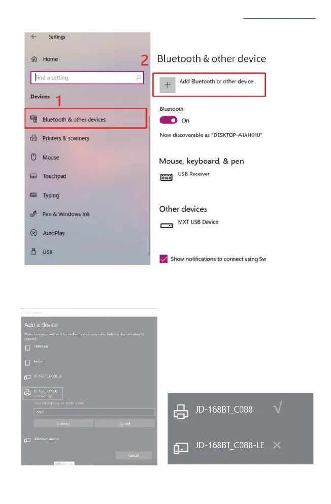 b.Find Bluetooth printer named 'JD-168BT_XXXX', and input PIN 0000, then connect.
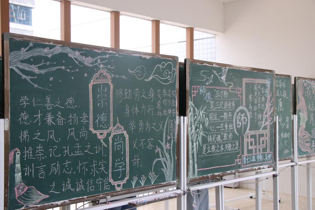 本站讯 为了进一步落实习近平总书记关于教育的重要讲话精神,提高我校师范生教学技能,9月23日下午,我院在东校区至善楼六楼黑板长廊举行主题为“挥墨丹青绘桃李,修德尚学育心灵”的黑板报设计大赛。本次大赛由我院教师周于飞指导。
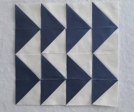 I used “triangles-on-a-roll paper” to make my 2-inch HSTs for this post. It’s not the most economical way to make them, but it is fast. All of the half-square triangle layouts shown in this post require 16 HST units, but you can use these layouts with any size half-square triangles you want.
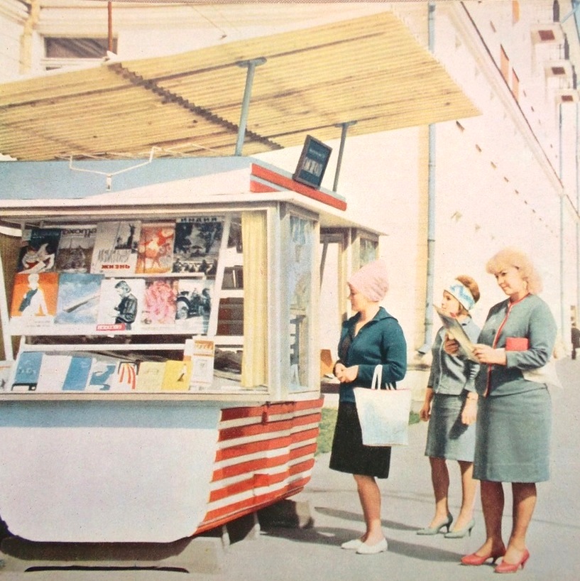 Газеты: Газеты, в основном, все выписывали, а в киосках покупались иностранные журналы, специализированные и пр. "Кругозор", "Колобок", "Горизонты Техники для Детей", FRÖSI можно было купить только в киоске, поэтому приходилось бегать в поиске их купить. Киоски были стандартными, вот такими, как на снимке. Фото из издания "Новгород" (1967). На витинах выложены журналы (верхний ряд, справа на лево): "Индия", "Музыкальная Жизнь", "Охота и охотничье хозяйство", "Огонёк". В центре журнал "Искусство". Остальные, увы, распознать не удалось. Весь альбом можно посмотреть здесь:"Новгород" (1967)
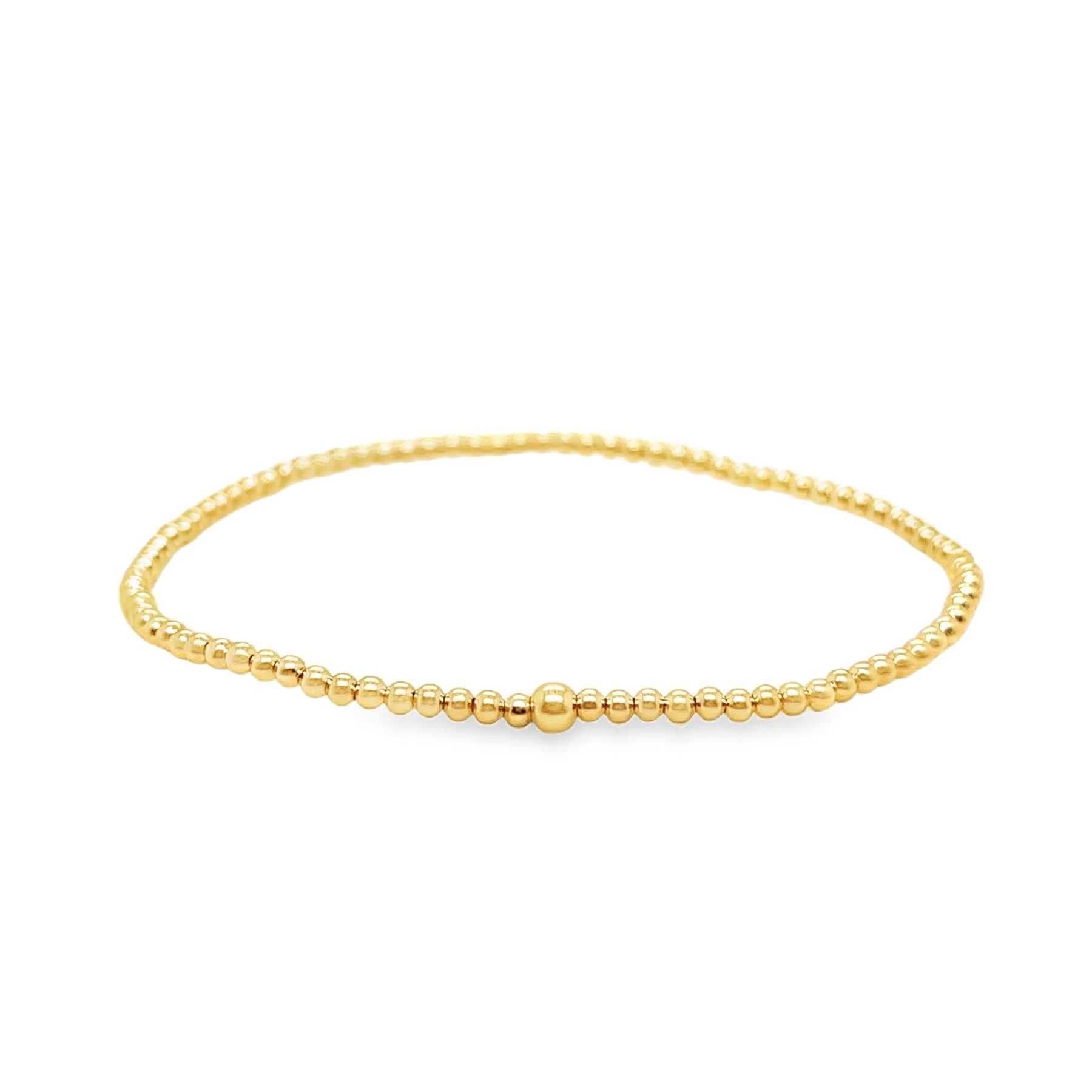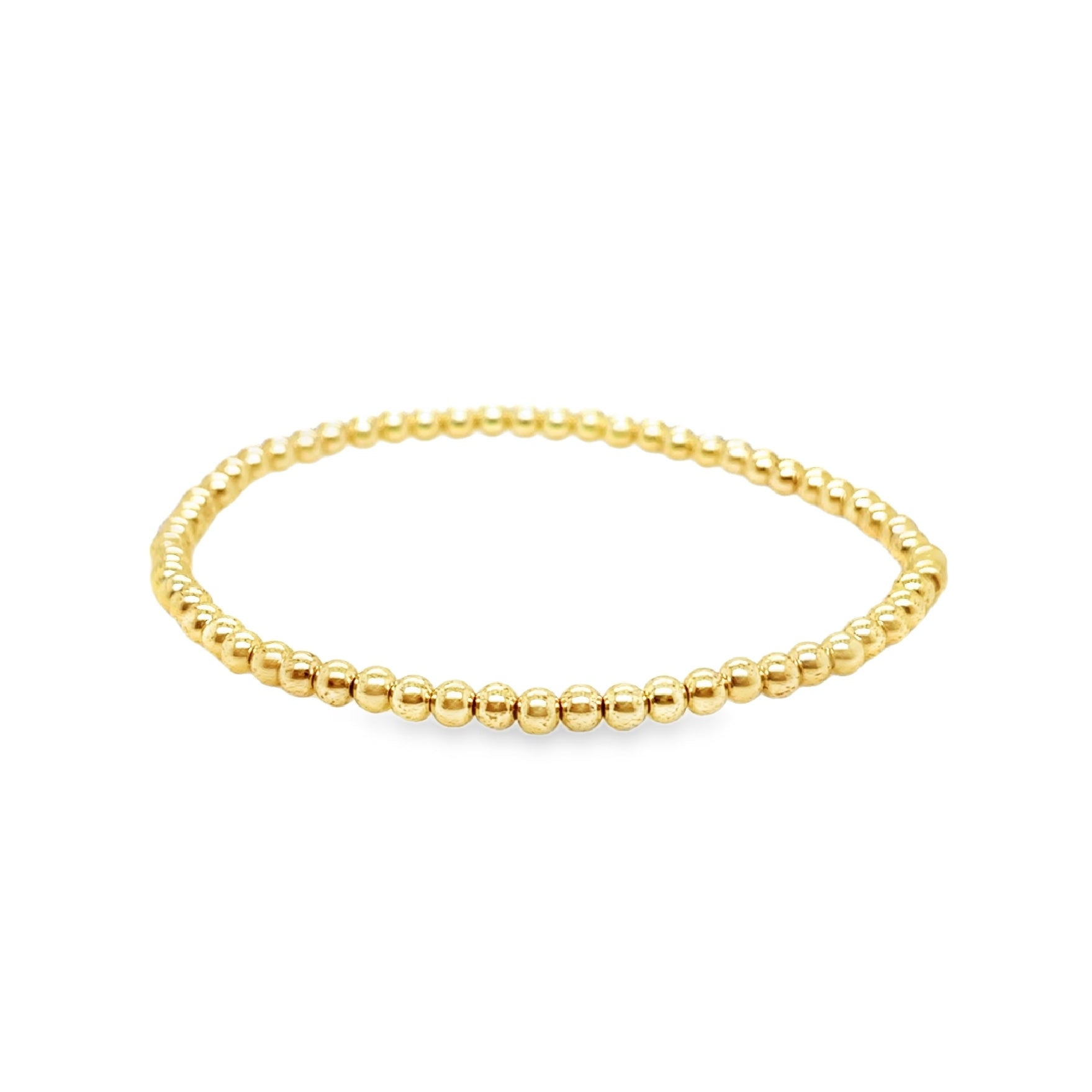 This 14KY gold-filled beaded bracelet is available in your choice of 2mm or 3mm and measures 6.35 inches with a stretch design for a comfortable, secure fit. Crafted with durable gold-filled material, it offers lasting shine and resistance to tarnish.

### Assigned task:
Take the records from their first line through the line containing "triangles you want." and please return exactly those lines, both ends included, minus the pictures.

### Result of the exercise:
 b.Find Bluetooth printer named 'JD-168BT_XXXX', and input PIN 0000, then connect.
 本站讯 为了进一步落实习近平总书记关于教育的重要讲话精神,提高我校师范生教学技能,9月23日下午,我院在东校区至善楼六楼黑板长廊举行主题为“挥墨丹青绘桃李,修德尚学育心灵”的黑板报设计大赛。本次大赛由我院教师周于飞指导。
 I used “triangles-on-a-roll paper” to make my 2-inch HSTs for this post. It’s not the most economical way to make them, but it is fast. All of the half-square triangle layouts shown in this post require 16 HST units, but you can use these layouts with any size half-square triangles you want.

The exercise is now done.